Phillip Perry "Sparky" Woods (born December 20, 1953) is an American football coach.  He is a senior adviser for football team at the University of North Carolina at Chapel Hill. Woods served as the head football coach at Appalachian State University from 1984 to 1988, the University of South Carolina from 1989 to 1993, and the Virginia Military Institute (VMI), from 2008 to 2014.

Playing career
Woods attended Oneida High School, where he is in its Hall of Fame. He holds the record for the most interceptions in a season. He played quarterback and defensive back at Carson–Newman College before graduating in 1976.

Coaching career
Woods was named the 30th head coach at VMI on February 13, 2008.  Before arriving at VMI, Woods had over 30 years of college and professional coaching experience.

When coaching at South Carolina, a song about Woods entitled "Sparky Rock" was released on cassette tape.

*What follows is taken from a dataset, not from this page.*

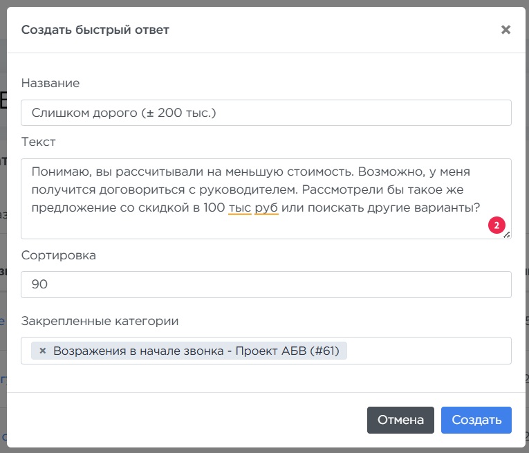 Название ответа — как правило, здесь указывают фразу клиента, на которую нужно ответить, например, «Слишком дорого».

On November 24, 2014, it was announced by VMI that Woods' contract would not be renewed by Athletic Director Dave Diles. The announcement came less than a day after a 45–25 loss to arch rival The Citadel, ending a 2–10 season for the Keydets. In seven seasons, Woods compiled a 17–62 record at VMI, including a mark of 9–32 in conference play.

On February 20, 2015, he was named running backs coach, recruiting coordinator, and associate head coach, at the University of Richmond.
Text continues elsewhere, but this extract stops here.